The JDNormalizer is a Java library that provides functionality to normalize job titles. Given a list of ideal (normalized) job titles, it can find the best match for an input job title using the Levenshtein Distance algorithm implemented on apache commons text.
- Normalizes input job titles to a list of predefined job titles.
- Uses the Levenshtein Distance algorithm to find the closest match.
- Includes unit test for ensuring functionality.
- Java 21 or later
- Maven (for building and managing dependencies)
git clone https://github.com/cpereiramt/JDNormalizer.git
cd JDNormalizer
Run the command below to build the project and generate jacoco report on target folder, the jacoco html report will be generated in the target/site/jacoco directory
mvn clean package
mvn test
You can use the generated JAR file as a dependency in your own projects.
- Copy the generated JAR file from the target directory to a libs directory in your project.

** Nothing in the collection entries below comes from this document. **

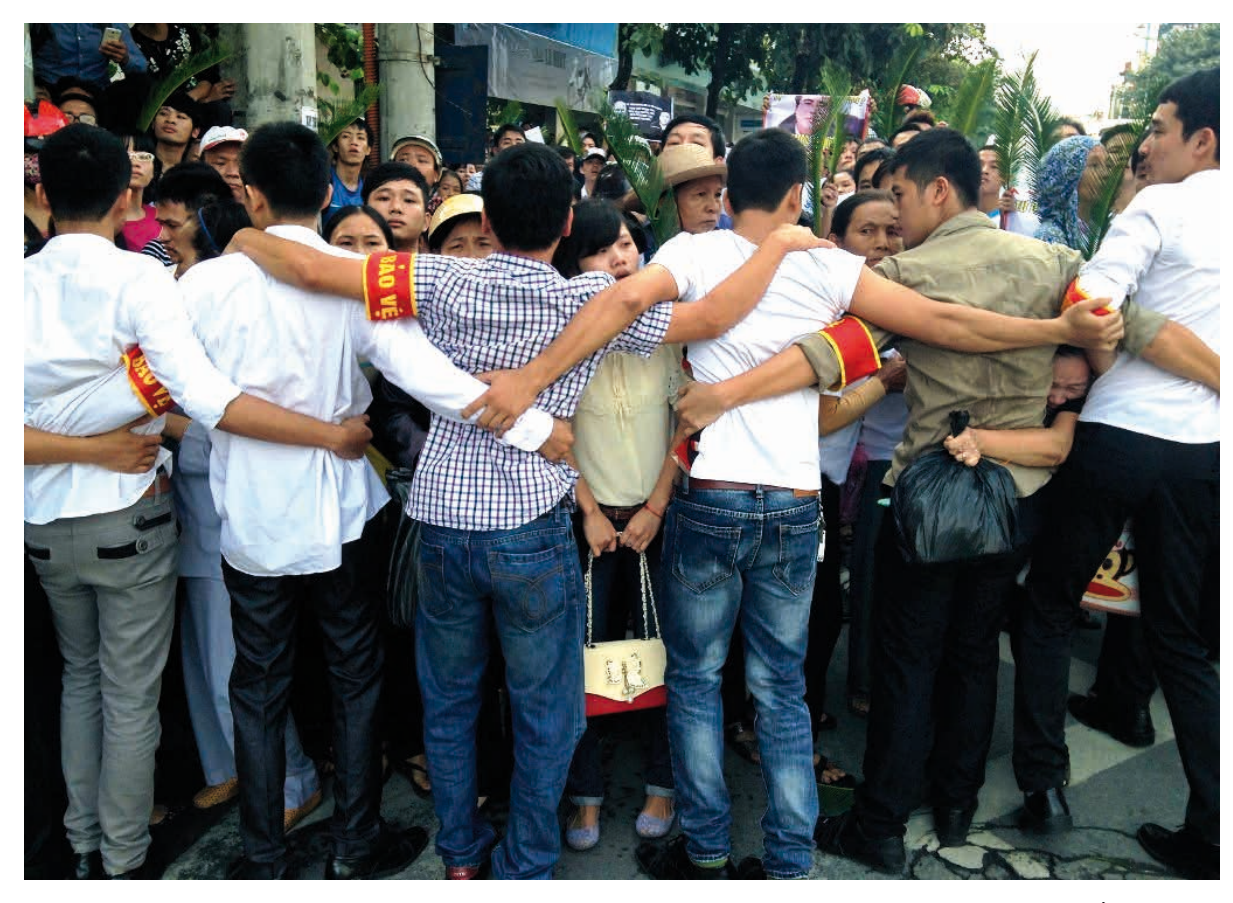
Plainclothes policemen form a human chain to prevent hundreds of protesters from approaching the court where lawyer Lê Quốc Quân faced charges of tax evasion at his trial held amid heavy security in Hanoi on 2 October 2013.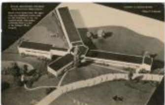
Studies Building Postcard (2014.8.1)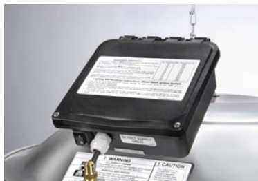
Easy / thorough washdown

The Solaire™ brooders have stainless steel components for superior corrosion resistance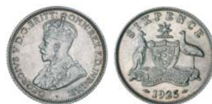
2709* George V, 1925. Slightest peripheral toning, nearly uncirculated.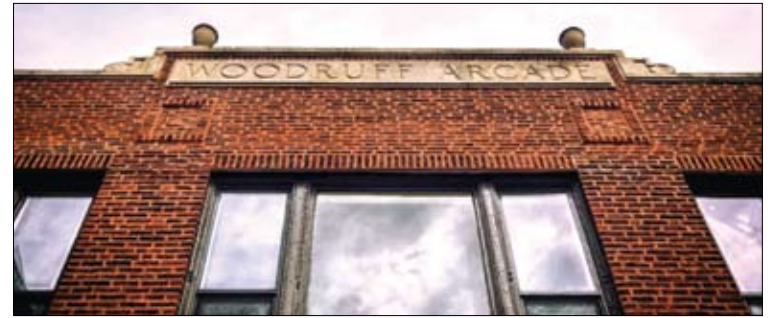
Front entrance of the former Woodruff Arcade.

The CTA has invited the public to hear about their plans for the Lawrence, Argyle, Berwyn and Bryn Mawr Red Line stations during community meetings.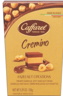
Cremino Box Milk gianduia chocolate with soft hazelnut cream 150g x 8 CAF880766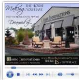
View Example, Click Above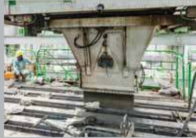
3. Casting and Compaction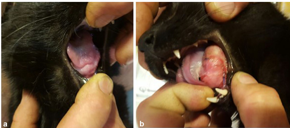
Fig. 1 Lateral views of the sublingual mass 5 days after the biopsy ( a right, b left). A 2-year-old, male, Domestic Shorthair cat had a multilobulated, sublingual mass present for 3 months. Sublingual pythiosis was diagnosed following histopathological examination from a biopsy specimen

The identification of the fungal-like organism as P. insidiosum was carried out by polymerase chain reaction (PCR) and amplicon sequencing using DNA extracted from formalin-fixed paraffin-embedded tissue [12]. PCR was carried out using the Expand Long Template PCR System (Roche, Indianapolis, IN, USA) with oligonucleotide primers that amplify the complete ribosomal Internal Transcribed Spacer 1 (ITS1) region. The resulting amplicon was purified by spin chromatography (QIAquick PCR Purification Kit, Qiagen, Valencia, CA, USA) and nucleotide sequence determined using BigDye terminator chemistry with the amplification primers at the University of Missouri DNA Core Facility. Sequence analysis disclosed the identity of the pathogen as P. insidiosum .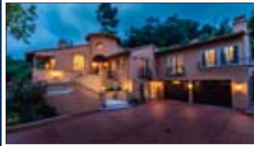
ORINDA $3,695,000 5/4.5. High Tech Lux. Tuscan Villa. 4757 sq. ft w/ 400 sf. Guest/Pool house on nearly gated acre in Sleepy Hollow. David Pierce CalBRE# 00964185

- Add the JAR file as a dependency in your pom.xml (if using Maven):
<dependency>
<groupId>com.claytonpereira</groupId>
<artifactId>JDNormalizer</artifactId>
<version><project-version></version>
<scope>system</scope>
<systemPath>${project.basedir}/libs/JDNormalizer-<project-version>.jar</systemPath>
</dependency>
public static void main(String[] args) {
Normalizer normalizer = new Normalizer();
String[] jobTitles = {"Java engineer", "C# engineer", "Chief Accountant"};
for (String jt : jobTitles) {
System.out.println("Input: " + jt + " => Normalized: " + normalizer.normalize(jt));
}
}